This feels like a recipe for disaster.
A crime-prognosticating AI now exists, and it's been implemented in a number of American cities. But don't worry, it definitely won't be misused by city police forces — at least according to its lead creator, University of Chicago professor Ishanu Chattopadhyay.
Chattopadhyay recently sat down with BBC Science Focus to discuss the AI system, which, as a study published in the journal Human Behavior claims, can predict where and when a crime might occur with 80 to 90 percent accuracy. But whether the predictions hold up in the real world, while of course important, isn't necessarily the core question here: really, the question is whether AI can be successfully incorporated into a police force without abuses — and while Chattopadhyay believes his system can be, AI's track record in policing says otherwise.
"People have concerns that this will be used as a tool to put people in jail before they commit crimes," Chattopadhyay told BBC. "That's not going to happen, as it doesn't have any capability to do that."
The incorporation of AI into policing is hardly new, and neither is the controversy surrounding it — similar software has already been implicated in wrongful imprisonment and even the wrongful death of an unarmed 13-year-old child. More generally, AI across the board is known to be fickle, riddled with racial and otherwise discriminatory biases, and is notoriously difficult to explain, even by those who build it.
Speaking to the BBC, Chattopadhyay — who says that he hopes his AI will be used to curb crime through social and political measures, not just excessive policing — acknowledged some of these concerns, particularly AI's well-documented racism problems.

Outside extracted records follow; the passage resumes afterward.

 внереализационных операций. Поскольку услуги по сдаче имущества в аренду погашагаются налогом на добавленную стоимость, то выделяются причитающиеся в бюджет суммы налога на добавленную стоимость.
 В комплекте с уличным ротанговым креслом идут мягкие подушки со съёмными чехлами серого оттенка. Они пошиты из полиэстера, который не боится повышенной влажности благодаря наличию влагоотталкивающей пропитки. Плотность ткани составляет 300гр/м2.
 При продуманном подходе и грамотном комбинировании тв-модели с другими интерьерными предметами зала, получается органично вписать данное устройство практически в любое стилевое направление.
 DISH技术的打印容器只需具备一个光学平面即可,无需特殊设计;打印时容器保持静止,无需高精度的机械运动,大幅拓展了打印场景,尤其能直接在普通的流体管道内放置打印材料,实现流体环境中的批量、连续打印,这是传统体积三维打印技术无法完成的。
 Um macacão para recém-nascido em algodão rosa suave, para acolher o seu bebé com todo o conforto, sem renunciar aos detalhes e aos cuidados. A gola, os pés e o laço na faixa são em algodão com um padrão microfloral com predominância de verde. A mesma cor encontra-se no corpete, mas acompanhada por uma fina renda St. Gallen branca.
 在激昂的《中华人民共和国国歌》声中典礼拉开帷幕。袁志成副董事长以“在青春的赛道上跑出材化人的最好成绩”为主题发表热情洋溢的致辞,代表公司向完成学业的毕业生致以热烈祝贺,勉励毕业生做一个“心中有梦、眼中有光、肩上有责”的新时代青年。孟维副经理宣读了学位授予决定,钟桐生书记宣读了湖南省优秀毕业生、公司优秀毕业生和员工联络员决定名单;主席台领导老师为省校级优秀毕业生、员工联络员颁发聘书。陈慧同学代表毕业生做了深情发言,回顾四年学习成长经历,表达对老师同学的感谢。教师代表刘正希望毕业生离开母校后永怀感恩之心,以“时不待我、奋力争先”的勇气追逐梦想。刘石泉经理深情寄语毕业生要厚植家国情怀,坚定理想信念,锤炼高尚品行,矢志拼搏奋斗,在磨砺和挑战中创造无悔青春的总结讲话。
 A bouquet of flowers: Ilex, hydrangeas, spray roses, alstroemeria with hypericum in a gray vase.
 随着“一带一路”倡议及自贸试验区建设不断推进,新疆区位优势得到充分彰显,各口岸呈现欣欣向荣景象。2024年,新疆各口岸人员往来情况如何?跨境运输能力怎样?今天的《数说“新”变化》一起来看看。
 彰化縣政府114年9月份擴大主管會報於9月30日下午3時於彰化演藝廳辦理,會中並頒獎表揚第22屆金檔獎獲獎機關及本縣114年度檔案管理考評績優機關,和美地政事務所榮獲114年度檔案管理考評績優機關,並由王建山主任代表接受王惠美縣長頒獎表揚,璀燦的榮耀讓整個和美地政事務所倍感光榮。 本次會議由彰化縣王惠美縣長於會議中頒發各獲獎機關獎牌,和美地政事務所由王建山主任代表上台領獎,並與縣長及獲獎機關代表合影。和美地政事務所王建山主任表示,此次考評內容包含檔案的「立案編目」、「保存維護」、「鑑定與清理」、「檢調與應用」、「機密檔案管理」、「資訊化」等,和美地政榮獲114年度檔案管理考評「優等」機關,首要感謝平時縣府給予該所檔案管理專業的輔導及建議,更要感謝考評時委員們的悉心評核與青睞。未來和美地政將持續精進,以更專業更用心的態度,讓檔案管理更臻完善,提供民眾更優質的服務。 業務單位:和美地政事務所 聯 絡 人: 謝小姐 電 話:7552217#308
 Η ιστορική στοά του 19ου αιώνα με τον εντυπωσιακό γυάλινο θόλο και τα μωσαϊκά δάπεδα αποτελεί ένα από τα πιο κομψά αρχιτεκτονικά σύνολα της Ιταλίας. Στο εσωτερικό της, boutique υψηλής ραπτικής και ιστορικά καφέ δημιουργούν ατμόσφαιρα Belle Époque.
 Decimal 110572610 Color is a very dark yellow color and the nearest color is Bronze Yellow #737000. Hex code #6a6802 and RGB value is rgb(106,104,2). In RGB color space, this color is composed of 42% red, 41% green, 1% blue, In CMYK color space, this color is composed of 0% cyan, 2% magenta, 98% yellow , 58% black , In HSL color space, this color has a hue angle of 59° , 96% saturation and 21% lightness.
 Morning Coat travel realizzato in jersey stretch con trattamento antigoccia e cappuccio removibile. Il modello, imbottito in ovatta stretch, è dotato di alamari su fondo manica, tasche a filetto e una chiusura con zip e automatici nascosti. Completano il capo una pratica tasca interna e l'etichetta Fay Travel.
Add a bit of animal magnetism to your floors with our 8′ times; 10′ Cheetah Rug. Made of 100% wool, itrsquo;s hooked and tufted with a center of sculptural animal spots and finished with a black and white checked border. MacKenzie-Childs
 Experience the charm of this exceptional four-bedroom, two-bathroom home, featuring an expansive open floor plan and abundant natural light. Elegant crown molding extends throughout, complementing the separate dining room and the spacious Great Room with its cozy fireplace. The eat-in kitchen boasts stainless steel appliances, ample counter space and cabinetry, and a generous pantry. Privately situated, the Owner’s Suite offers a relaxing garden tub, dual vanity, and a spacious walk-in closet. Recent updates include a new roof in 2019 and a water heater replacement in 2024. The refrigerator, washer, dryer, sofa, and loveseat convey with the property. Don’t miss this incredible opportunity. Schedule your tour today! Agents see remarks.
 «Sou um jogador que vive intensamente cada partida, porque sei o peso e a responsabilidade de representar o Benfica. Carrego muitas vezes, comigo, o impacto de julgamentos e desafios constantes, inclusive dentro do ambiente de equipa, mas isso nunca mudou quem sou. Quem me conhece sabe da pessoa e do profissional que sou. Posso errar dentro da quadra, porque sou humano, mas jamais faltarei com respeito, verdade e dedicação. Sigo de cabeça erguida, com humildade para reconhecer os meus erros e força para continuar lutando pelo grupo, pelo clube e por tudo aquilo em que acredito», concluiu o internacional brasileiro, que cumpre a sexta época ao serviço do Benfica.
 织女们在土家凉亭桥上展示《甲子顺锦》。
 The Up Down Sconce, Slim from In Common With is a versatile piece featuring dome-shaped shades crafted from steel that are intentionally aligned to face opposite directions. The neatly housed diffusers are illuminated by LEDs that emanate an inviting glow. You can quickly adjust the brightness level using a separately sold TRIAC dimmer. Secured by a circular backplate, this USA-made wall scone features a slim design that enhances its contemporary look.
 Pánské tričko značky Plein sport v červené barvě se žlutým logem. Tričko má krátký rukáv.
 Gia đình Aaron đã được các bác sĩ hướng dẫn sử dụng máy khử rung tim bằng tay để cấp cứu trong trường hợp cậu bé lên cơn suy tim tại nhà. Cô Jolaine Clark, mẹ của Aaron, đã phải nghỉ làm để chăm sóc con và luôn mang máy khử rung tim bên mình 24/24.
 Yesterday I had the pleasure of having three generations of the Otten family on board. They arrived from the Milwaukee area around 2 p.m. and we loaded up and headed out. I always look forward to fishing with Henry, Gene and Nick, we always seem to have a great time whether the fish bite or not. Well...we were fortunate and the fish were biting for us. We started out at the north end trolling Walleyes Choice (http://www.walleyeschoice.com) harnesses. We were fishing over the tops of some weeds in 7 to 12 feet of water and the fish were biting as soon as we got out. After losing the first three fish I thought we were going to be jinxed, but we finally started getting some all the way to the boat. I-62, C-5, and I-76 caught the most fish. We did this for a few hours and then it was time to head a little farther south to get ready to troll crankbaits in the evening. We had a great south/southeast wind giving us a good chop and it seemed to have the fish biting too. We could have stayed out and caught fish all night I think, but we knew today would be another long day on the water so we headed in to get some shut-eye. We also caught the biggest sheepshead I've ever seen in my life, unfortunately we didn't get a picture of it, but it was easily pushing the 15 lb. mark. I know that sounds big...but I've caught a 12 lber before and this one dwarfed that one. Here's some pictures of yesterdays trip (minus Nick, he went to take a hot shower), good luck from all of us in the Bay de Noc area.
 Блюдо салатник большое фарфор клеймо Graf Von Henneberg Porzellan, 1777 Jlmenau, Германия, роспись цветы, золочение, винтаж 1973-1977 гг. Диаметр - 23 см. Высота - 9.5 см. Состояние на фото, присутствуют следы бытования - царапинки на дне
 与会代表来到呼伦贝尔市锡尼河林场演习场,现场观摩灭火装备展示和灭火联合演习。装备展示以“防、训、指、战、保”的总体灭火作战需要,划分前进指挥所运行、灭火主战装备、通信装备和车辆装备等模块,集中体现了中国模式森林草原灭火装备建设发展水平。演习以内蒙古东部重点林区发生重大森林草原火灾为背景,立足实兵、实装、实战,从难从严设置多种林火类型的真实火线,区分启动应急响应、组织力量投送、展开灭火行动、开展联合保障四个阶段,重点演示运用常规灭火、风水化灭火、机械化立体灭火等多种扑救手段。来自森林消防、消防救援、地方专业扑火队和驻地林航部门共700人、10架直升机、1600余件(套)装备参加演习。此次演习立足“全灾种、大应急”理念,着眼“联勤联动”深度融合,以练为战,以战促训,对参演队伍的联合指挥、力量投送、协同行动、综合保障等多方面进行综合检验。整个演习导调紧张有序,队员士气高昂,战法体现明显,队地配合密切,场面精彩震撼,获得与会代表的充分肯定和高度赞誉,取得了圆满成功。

He believes that other AI systems are just too simplistic, relying far too heavily on information like arrest histories and individual characteristics. In contrast, his system uses only event log data, which he claims helps to "reduce bias as much as possible."
"It just predicts an event at a particular location," he added. "It doesn't tell you who is going to commit the event or the exact dynamics or mechanics of the events. It cannot be used in the same way as in the film 'Minority Report.'"
Sure. Look, we're never ones to shy away from optimism, but given the record of systemic abuses of similar experimental cop-assisting softwares — not to mention the systemic abuses against vulnerable populations that already exist within American policing, minus any AI — this optimism seems far fetched.